At 1pm you will take 300 men and clear the protesters from outside the National Assembly,

Sam Oeun was told. Your men will not loot. They will not use their guns to shoot

at people unless they are first shot at.

The order came from National Police Chief General Hok Lundy.

Seventeen days' worth of unprecedented opposition protest - essentially and specifically

against Second Prime Minister Hun Sen; a remarkable, racist and ultimately doomed

event - was to be crushed.

Diplomacy was still being acted out at the offices of UN special representative Lakhan

Mehrotra even as the 500 riot policemen from the ministry's Department of Intervention

were checking their guns, batons and electric prods in their compound near the Monivong

bridge.

At exactly the moment of the police order, 10am, Interior co-Minister Sar Kheng's

adviser, Prum Sokha, was assuring Funcinpec spokeswoman Mu Sochua that, among other

things, violence would not be employed to shift the protesters.

Sokha did not know about the order that was playing down the line from Hun Sen, to

Lundy, to Sam Oeun. His boss Sar Kheng had been shunted aside from security responsibility

at least since the previous day, after persons unknown had tossed three grenades

at Hun Sen's house near Independence Monument.

The riot squad wasn't surprised at the order, the men told the Post later that day.

They'd been in training for exactly this since the demonstrations began and frankly

had gotten bored with the wait.

Snippets of the inside story as to how the CPP broke the 17-day "pro-democracy"

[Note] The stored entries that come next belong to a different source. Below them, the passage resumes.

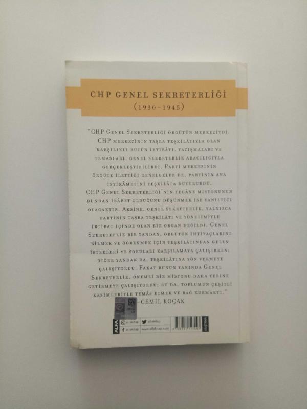 “CHP Genel Sekreterliği örgütün merkeziydi. CHP merkezinin taşra teşkilâtıyla olan karşılıklı bütün irtibâtı, yazışmaları ve temasları, genel sekreterlik aracılığıyla gerçekleştirilirdi. Parti merkezinin örgüte ilettiği genelgeler de, partinin ana istikâmetini teşkilâta duyururdu. CHP Genel Sekreterliği’nin yegâne misyonunun bundan ibâret olduğunu düşünmek ise yanıltıcı olacaktır. Aksine, genel sekreterlik, yalnızca partinin taşra teşkilâtı ve yönetimiyle irtibat içinde olan bir organ değildi. Genel Sekreterlik bir yandan, örgütün ihtiyaçlarını bilmek ve öğrenmek için teşkilâtından gelen istekleri ve soruları karşılamaya çalışırken; diğer yandan da, teşkilâtına yön vermeye çalışıyordu. Fakat bunun yanında Genel Sekreterlik, önemli bir misyonu daha yerine getirmeye çalışıyordu; bu da, toplumun çeşitli kesimleriyle temâs etmek ve bağ kurmaktı.” CEMİL KOÇAK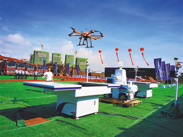 当天,三生万物公司将该公司生产的无人机和智能巡检机器人等产品带到了现场,引起现场人员驻足参观。工作人员还在现场操控无人机进行空中巡检的工作状态:一台名为“无人值守机舱”平板缓缓打开,一架无人机从机舱里升起,启动后升空巡检。“机舱可以安放在海边或荒山野岭里,使用时只需通过电脑操控即可。”三生万物工作人员介绍道。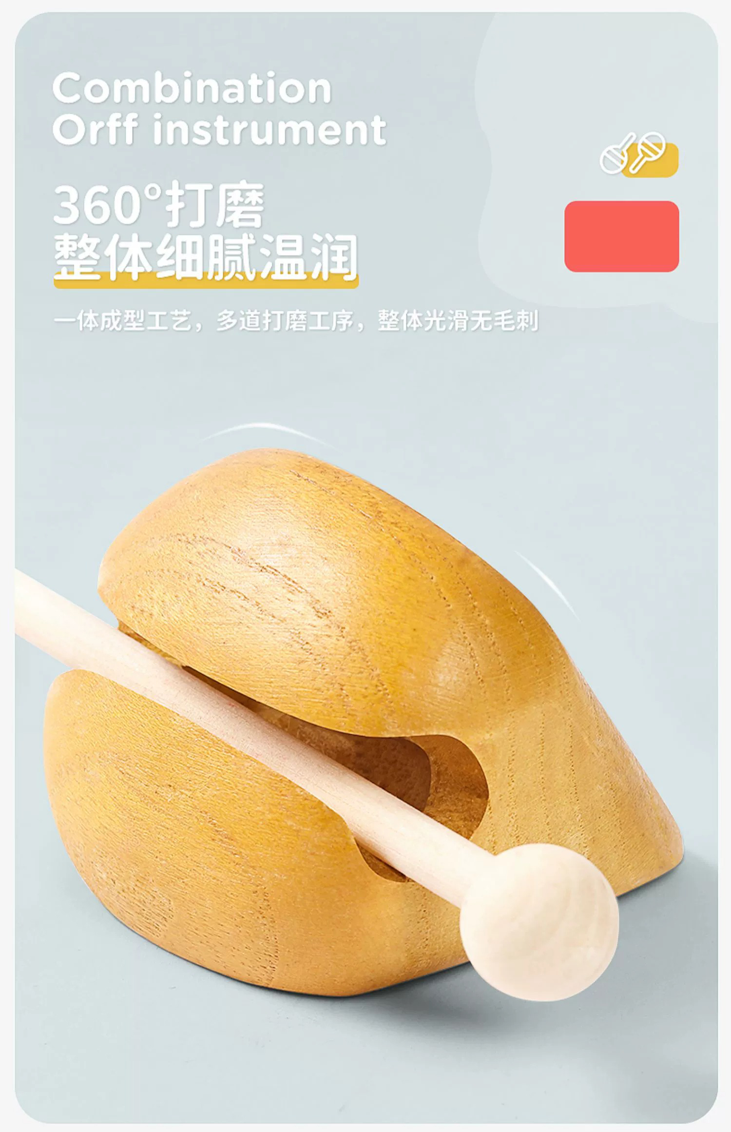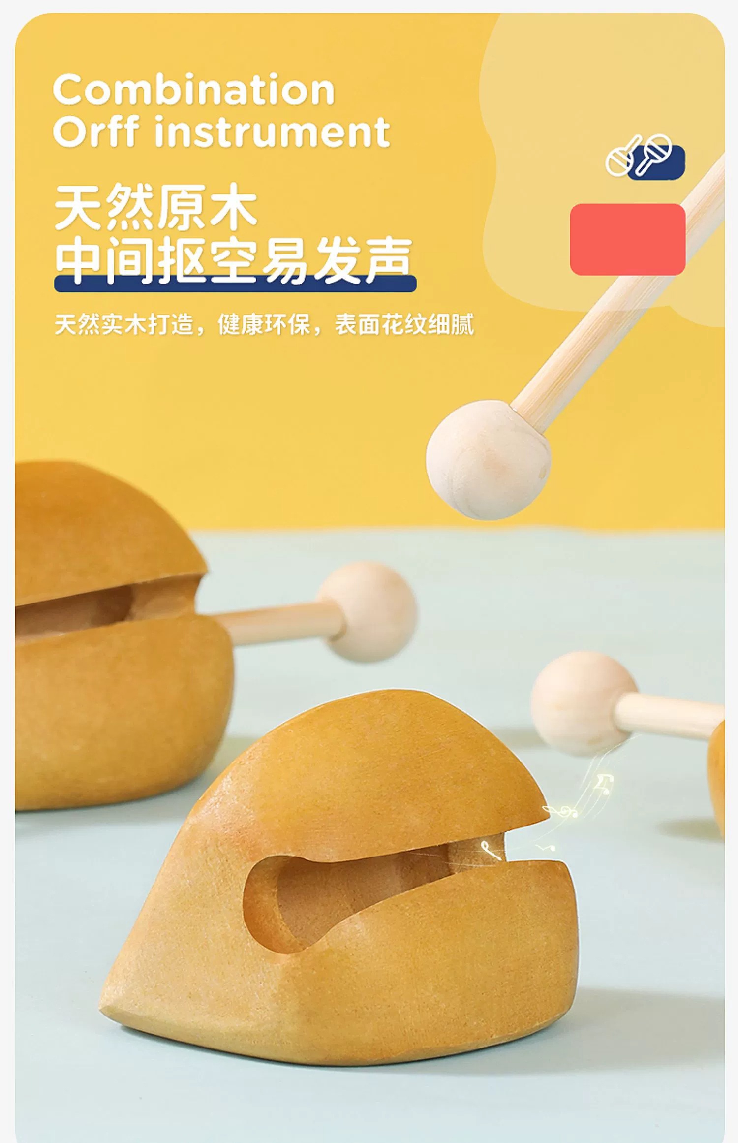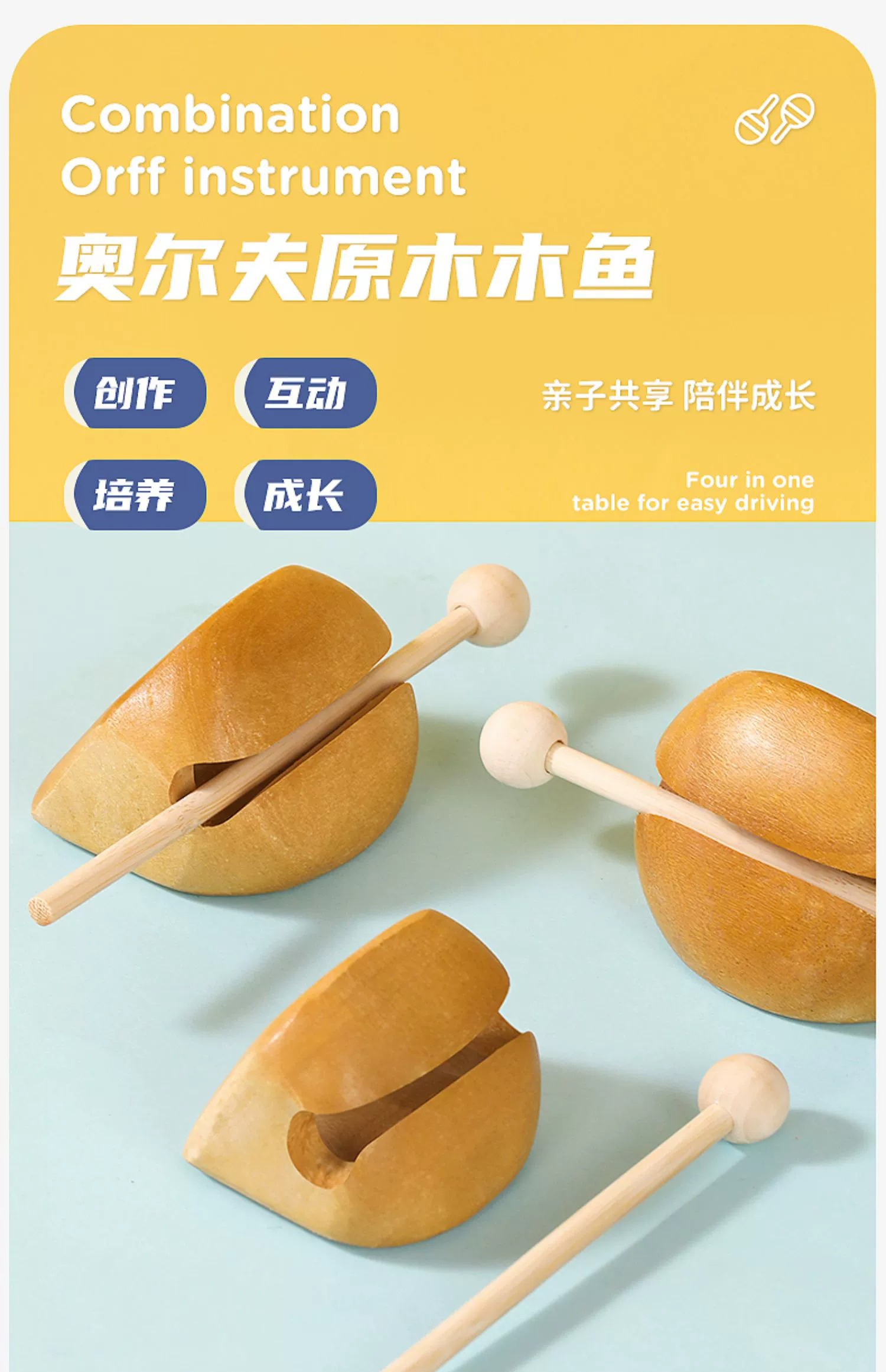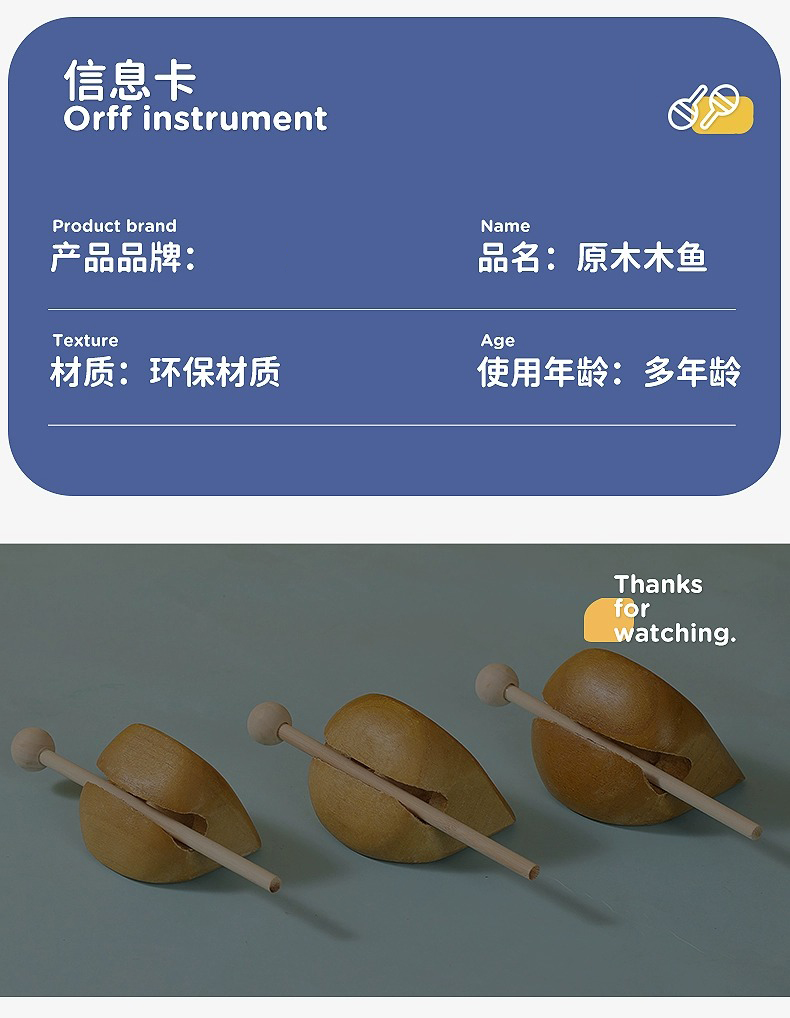 奥尔夫木鱼打击乐器实木小学生音乐儿童一年级教学具大号解压梆子

demonstration - and how the continuing street skirmishes between mobs of protesters

and police were being played out now as this special edition of the Post was being

published - reveal the apparent divisions within key police and military personalities

of the CPP.

The sit-in, at times involving up to tens of thousands of people, some living in

a veritable village named 'Democracy Square' outside the National Assembly, began

Aug 22 after a rally by opposition leader Sam Rainsy. It had continued unmolested

since.

But behind the scenes just six days after 'Democracy Square' had formed, on Aug 28,

Hun Sen told Defense Minister Tea Banh to break up the demonstration, according to

an experienced Australian source who obtained the information from two senior officers

serving under Banh. This was later independently confirmed by a CPP source. Banh

refused the request, saying it was a police matter, not a military one.

In the following days, the CPP publicly maintained a largely conciliatory attitude

toward the demonstration. Police security around the square was low-key in the days

up to Sept 5 and 6, and was in the hands of Sar Kheng. Security inside the demonstration

was left to the responsibility of camp organizers, largely Rainsy's people.

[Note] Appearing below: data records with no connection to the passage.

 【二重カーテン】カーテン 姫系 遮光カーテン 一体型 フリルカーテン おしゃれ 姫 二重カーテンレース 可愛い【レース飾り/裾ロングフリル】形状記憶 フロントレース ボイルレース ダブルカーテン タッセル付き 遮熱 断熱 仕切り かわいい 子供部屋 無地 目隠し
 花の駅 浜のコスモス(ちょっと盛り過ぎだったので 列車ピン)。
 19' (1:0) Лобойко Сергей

Rumors were rife throughout the sit-in: the police were coming with water cannons

and tear gas - at 5am, at noon, tonight, tomorrow night; cobras were going to be

let loose; an incident was going to be manufactured within the camp - a grenade,

a shooting - as an excuse for a police crackdown. None of these happened as predicted,

but most of them - except for the snakes - would eventually play out in some form.

CPP sources had told the Post after the first week of the demonstration that Hun

Sen appeared to have lost the initiative. One senior party official said protesters

were becoming so emboldened in the absence of police action against them that "there

is a danger this will really grow into a people's movement".

The rhetoric changed from demanding an electoral investigation, to the removal of

Hun Sen, to becoming virulently racist against the Vietnamese. Motorcades clogged

the streets and, said one foreign observer, "everyone was getting caught up

in the fever but, in hindsight, the crackdown just had to come".

One foreigner said that CPP officials had met in the past week in Kandal province,

extremely worried should the protest spread from nearby Phnom Penh.

In Takhmao - home to Hun Sen's "Tiger Den" compound - one woman said: "The

people in the villages near the fork road to Takhmao town have heard there would

be a demonstration... that people from Phnom Penh will walk to Takhmao and that [villagers]

are waiting and eager to join."

At 7am Sept 7 - the morning of the crackdown and three hours before Lundy's final

order - a loudspeaker was mounted in front of the provincial headquarters in Takhmao

and it was announced that "people should not go to the demonstration. They should

concentrate on earning their living".

Two fire trucks were deployed on the fork road and about 100 policemen and soldiers

were mobilized in the compound of the headquarters.

After the grenade incident at Hun Sen's residence Sept 7, Rainsy went to Mehrotra's

office within the Hotel Sofitel Cambodiana, where he remained once news of his possible

arrest surfaced. Ten police units were deployed at the gates in the afternoon, ready

to seize Rainsy if he left.

A crowd gathered outside the hotel gates that night demonstrating support for Rainsy.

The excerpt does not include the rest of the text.